Cyclic Data Structures and Reference Counting in Python
We saw last time that Python uses an integer value saved inside of each object, known as the reference count, to keep track of how many pointers reference that object. Whenever a variable or other object in your program starts to refer to an object, Python increments this counter; when your program stops using an object, Python decrements the counter. Once the reference count becomes zero, Python frees the object and reclaims its memory.
Since the 1960s, computer scientists have been aware of a theoretical problem with this algorithm: if one of your data structures refers to itself, if it is a cyclic data structure, some of the reference counts will never become zero. To better understand this problem let’s take an example. The code below shows the same Node class we used last week:
We have a constructor (these are called __init__ in Python) which saves a single attribute in an instance variable. Below the class definition we create two nodes, ABC and DEF, which I represent using the rectangles on the left. The reference count inside both of our nodes is initially one, since one pointer (n1 and n2, respectively) refers to each node.
Now let’s define two additional attributes in our nodes, next and prev:
Unlike in Ruby, using Python you can define instance variables or object attributes on the fly like this. This seems like a bit of interesting magic missing from Ruby. (Disclaimer: I’m not a Python developer so I might have some of the nomenclature wrong here.) We set n1.next to reference n2, and n2.prev to point back to n1. Now our two nodes form a doubly linked list using a circular pattern of pointers. Also notice that the reference counts of both ABC and DEF have increased to two. There are two pointers referring to each node: n1 and n2 as before, and now next and prev as well.
Now let’s suppose our Python program stops using the nodes; we set both n1 and n2 to null. (In Python null is known as None.)
Now Python, as usual, decrements the reference count inside of each node down to 1.
Generation Zero in Python
Notice in the diagram just above we’ve ended up with an unusual situation: We have an “island” or a group of unused objects that refer to each other, but which have no external references. In other words, our program is no longer using either node object, therefore we expect Python’s garbage collector to be smart enough to free both objects and reclaim their memory for other purposes. But this doesn’t happen because both reference counts are one and not zero. Python’s reference counting algorithm can’t handle objects that refer to each other!
Of course, this is a contrived example, but your own programs might contain circular references like this in subtle ways that you may not be aware of. In fact, as your Python program runs over time it will build up a certain amount of “floating garbage,” unused objects that the Python collector is unable to process because the reference counts never reach zero.
This is where Python’s generational algorithm comes in! Just as Ruby keeps track of unused, free objects using a linked list (the free list), Python uses a different linked list to keep track of active objects. Instead of calling this the “active list,” Python’s internal C code refers to it as Generation Zero. Each time you create an object or some other value in your program, Python adds it to the Generation Zero linked list:
Above you can see when we create the ABC node, Python adds it to Generation Zero. Note that this isn’t an actual list that you see and access in your program; this linked list is entirely internal to the Python runtime.
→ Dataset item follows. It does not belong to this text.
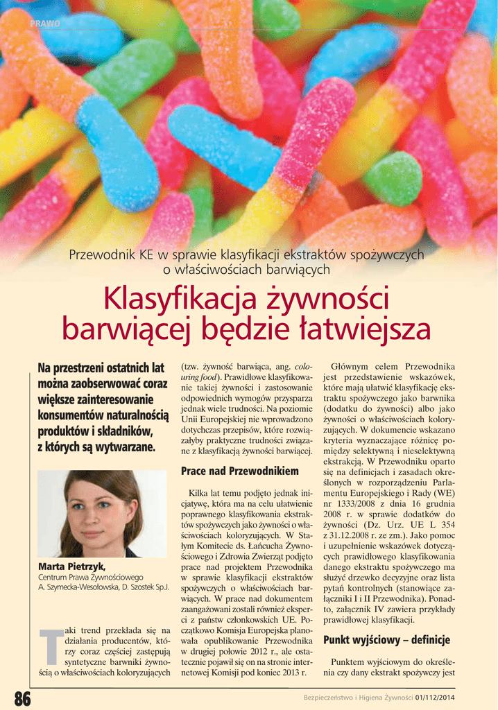 PRAWO Przewodnik KE w sprawie klasyfikacji ekstraktów spożywczych o właściwościach barwiących Klasyfikacja żywności barwiącej będzie łatwiejsza Na przestrzeni ostatnich lat można zaobserwować coraz większe zainteresowanie konsumentów naturalnością produktów i składników, z których są wytwarzane. (tzw. żywność barwiąca, ang. colouring food). Prawidłowe klasyfikowanie takiej żywności i zastosowanie odpowiednich wymogów przysparza jednak wiele trudności. Na poziomie Unii Europejskiej nie wprowadzono dotychczas przepisów, które rozwiązałyby praktyczne trudności związane z klasyfikacją żywności barwiącej. Prace nad Przewodnikiem Marta Pietrzyk, Centrum Prawa Żywnościowego A. Szymecka-Wesołowska, D. Szostek Sp.J. T aki trend przekłada się na działania producentów, którzy coraz częściej zastępują syntetyczne barwniki żywnością o właściwościach koloryzujących 86 Kilka lat temu podjęto jednak inicjatywę, która ma na celu ułatwienie poprawnego klasyfikowania ekstraktów spożywczych jako żywności o właściwościach koloryzujących. W Stałym Komitecie ds. Łańcucha Żywnościowego i Zdrowia Zwierząt podjęto prace nad projektem Przewodnika w sprawie klasyfikacji ekstraktów spożywczych o właściwościach barwiących. W prace nad dokumentem zaangażowani zostali również eksperci z państw członkowskich UE. Początkowo Komisja Europejska planowała opublikowanie Przewodnika w drugiej połowie 2012 r., ale ostatecznie pojawił się on na stronie internetowej Komisji pod koniec 2013 r. Głównym celem Przewodnika jest przedstawienie wskazówek, które mają ułatwić klasyfikację ekstraktu spożywczego jako barwnika (dodatku do żywności) albo jako żywności o właściwościach koloryzujących. W dokumencie wskazano kryteria wyznaczające różnicę pomiędzy selektywną i nieselektywną ekstrakcją. W Przewodniku oparto się na definicjach i zasadach określonych w rozporządzeniu Parlamentu Europejskiego i Rady (WE) nr 1333/2008 z dnia 16 grudnia 2008 r. w sprawie dodatków do żywności (Dz. Urz. UE L 354 z 31.12.2008 r. ze zm.). Jako pomoc i uzupełnienie wskazówek dotyczących prawidłowego klasyfikowania danego ekstraktu spożywczego ma służyć drzewko decyzyjne oraz lista pytań kontrolnych (stanowiące załączniki I i II Przewodnika). Ponadto, załącznik IV zawiera przykłady prawidłowej klasyfikacji. Punkt wyjściowy – definicje Punktem wyjściowym do określenia czy dany ekstrakt spożywczy jest Bezpieczeństwo i Higiena Żywności 01/112/2014 PRAWO barwnikiem czy żywnością barwiącą jest definicja „dodatku do żywności”, a konkretnie wyłączenie spod tej definicji (zawarte w art. 3 ust. 2 lit. a (ii) rozporządzenia nr 1333/2008), które stanowi, że za dodatki do żywności nie uważa się środków spożywczych, zarówno suszonych, jak i w formie skoncentrowanej, w tym środków aromatyzujących dodanych w trakcie produkcji wieloskładnikowych środków spożywczych, ze względu na ich właściwości aromatyczne, smakowe lub odżywcze wraz z wtórnym efektem barwiącym. Kluczowe znaczenie ma także definicja „barwnika” (określona w załączniku I do ww. rozporządzenia) wskazująca, że „barwnikiem” są substancje nadające lub przywracające żywności barwę, obejmujące naturalne składniki żywności i naturalne źródła, które w normalnych warunkach ani nie są same spożywane jako żywność, ani nie są stosowane jako typowe składniki żywności (…) barwnikami są preparaty uzyskane ze środków spożywczych i innych jadalnych surowców naturalnych uzyskanych poprzez fizyczną lub chemiczną ekstrakcję, której efektem jest selektywna ekstrakcja pigmentów względem składników odżywczych lub aromatycznych. W świetle powyższych definicji produkt spożywany jako żywność lub używany jako charakterystyczny składnik żywności nie powinien być uznawany za dodatek do żywności. Produkty normalnie spożywane w Unii Europejskiej jako żywność m.in. soki owocowe (przykładowo sok wiśniowy dodany do jogurtu), koncentraty pomidorowe, kawa, często posiadają właściwości barwiące. Takie produkty w świetle Przewodnika powinny być uznane za składnik żywności i jako taki powinny być oznakowane, nawet jeżeli produkty te zostały dodane do żywności złożonej jedynie w celach barwiących. Natomiast produkty uzyskiwane poprzez procesy inne niż suszenie lub koncentracja w celu wykorzystania ich właściwości barwiących do produkcji żywności złożonej, nie powinny być automatycznie klasyfikowane jako żywność barwiąca (o ile nie są one normalnie spożywane jako takie – np. czerwony olej palmowy). Zgodnie z Przewodnikiem jeżeli taki produkt spożywany jako żywność albo będący składnikiem żywności zachowuje swoje podstawowe właściwości, nie powinien być on uznany za barwnik, zarówno gdy produkt jest używany w stanie surowym, jak i w formie przetworzonej (uzyskanej w wyniku koncentracji, suszenia, gotowania czy mielenia). Przykładowo szpinak używany do produkcji makaronu jako taki, w formie suszonej albo w postaci skoncentrowanego soku, bez selektywnej ekstrakcji pigmentów, w świetle Przewodnika należy uznać za składnik żywności, a nie barwnik. Z drugiej strony, jeżeli pigmenty są „ekstraktowane selektywnie” ze szpinaku i dodawane do makaronu w celu uzyskania koloru, powinny być one uznane za dodatek do żywności (np. barwnik chlorofile i chlorofiliny E 140). Ekstrakcja selektywna W świetle Przewodnika w przypadku gdy produkt jest uzyskiwany z żywności w celach barwiących, kluczowe do klasyfikacji produktu jako barwnik jest to, czy produkt został uzyskany w drodze „selektywnej produkt kluczowe jest zidentyfikowanie kiedy produkt nie jest już dłużej „żywnością ani nie jest spożywany jako typowy składnik żywności”, ale staje się barwnikiem, który podlega zatwierdzeniu. Drzewko decyzyjne, czyli jak prawid

Similarly, when we create the DEF node, Python adds it to the same linked list:
Now Generation Zero contains two node objects. (It will also contain every other value our Python code creates, and many internal values used by Python itself.)
Detecting Cyclic References
Later Python loops through the objects in the Generation Zero list and checks which other objects each object in the list refers to, decrementing reference counts as it goes. In this way, Python accounts for internal references from one object to another that prevented Python from freeing the objects earlier.
To make this a bit easier to understand, let’s take an example:
Above you can see the ABC and DEF nodes contain a reference count of 1. Three other objects are in the Generation Zero linked list also. The blue arrows indicate some of the objects are referred to by other objects that are located elsewhere - references from outside of Generation Zero. (As we’ll see in a moment, Python also uses two other lists called Generation One and Generation Two.) These objects have higher reference counts because of the other pointers referring to them.
Below you can see what happens after Python’s garbage collector processes Generation Zero.
By identifying internal references, Python is able to reduce the reference count of many of the Generation Zero objects. Above in the top row you can see that ABC and DEF now have a reference count of zero. This means the collector will free them and reclaim their memory. The remaining live objects are then moved to a new linked list: Generation One.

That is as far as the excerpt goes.